Dataset records ->
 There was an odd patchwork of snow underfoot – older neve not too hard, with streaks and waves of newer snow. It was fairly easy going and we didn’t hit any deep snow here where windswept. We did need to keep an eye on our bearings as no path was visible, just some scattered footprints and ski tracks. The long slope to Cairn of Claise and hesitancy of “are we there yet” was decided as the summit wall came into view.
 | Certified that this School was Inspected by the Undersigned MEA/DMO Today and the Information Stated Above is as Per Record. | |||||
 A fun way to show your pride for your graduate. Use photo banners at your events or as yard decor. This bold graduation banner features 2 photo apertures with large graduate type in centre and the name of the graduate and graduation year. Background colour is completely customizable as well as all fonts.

--

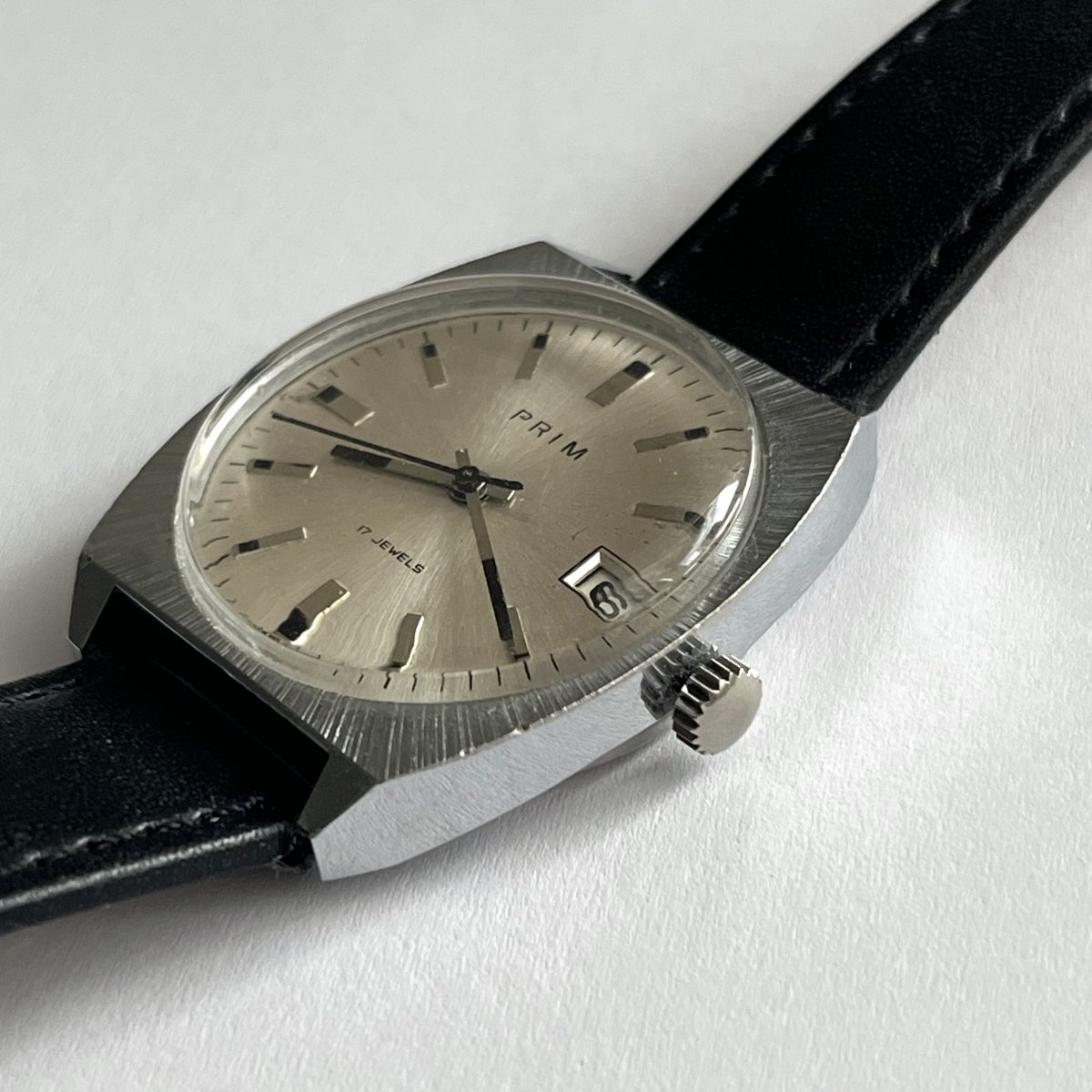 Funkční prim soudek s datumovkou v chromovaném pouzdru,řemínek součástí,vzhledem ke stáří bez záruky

==

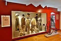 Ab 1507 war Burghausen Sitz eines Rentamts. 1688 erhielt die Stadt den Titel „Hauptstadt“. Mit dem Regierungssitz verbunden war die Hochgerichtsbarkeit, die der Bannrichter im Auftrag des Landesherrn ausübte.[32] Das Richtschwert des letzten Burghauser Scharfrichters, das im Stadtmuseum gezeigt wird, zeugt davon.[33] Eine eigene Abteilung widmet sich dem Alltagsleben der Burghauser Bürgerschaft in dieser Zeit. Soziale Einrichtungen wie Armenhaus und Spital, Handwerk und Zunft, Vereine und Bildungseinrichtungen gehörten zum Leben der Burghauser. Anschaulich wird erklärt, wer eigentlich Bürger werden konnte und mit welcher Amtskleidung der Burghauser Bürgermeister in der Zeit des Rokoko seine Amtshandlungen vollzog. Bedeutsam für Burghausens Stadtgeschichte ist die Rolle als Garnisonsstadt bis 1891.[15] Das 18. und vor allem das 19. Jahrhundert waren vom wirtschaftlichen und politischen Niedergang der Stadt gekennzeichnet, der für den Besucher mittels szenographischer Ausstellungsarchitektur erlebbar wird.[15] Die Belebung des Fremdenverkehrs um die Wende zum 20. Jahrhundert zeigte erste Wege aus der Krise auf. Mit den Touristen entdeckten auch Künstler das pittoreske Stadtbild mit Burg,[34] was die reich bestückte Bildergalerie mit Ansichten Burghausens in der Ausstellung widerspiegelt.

About this exercise -> Report the lines above that contain "with".

Solved exercise ->
 There was an odd patchwork of snow underfoot – older neve not too hard, with streaks and waves of newer snow. It was fairly easy going and we didn’t hit any deep snow here where windswept. We did need to keep an eye on our bearings as no path was visible, just some scattered footprints and ski tracks. The long slope to Cairn of Claise and hesitancy of “are we there yet” was decided as the summit wall came into view.
 A fun way to show your pride for your graduate. Use photo banners at your events or as yard decor. This bold graduation banner features 2 photo apertures with large graduate type in centre and the name of the graduate and graduation year. Background colour is completely customizable as well as all fonts.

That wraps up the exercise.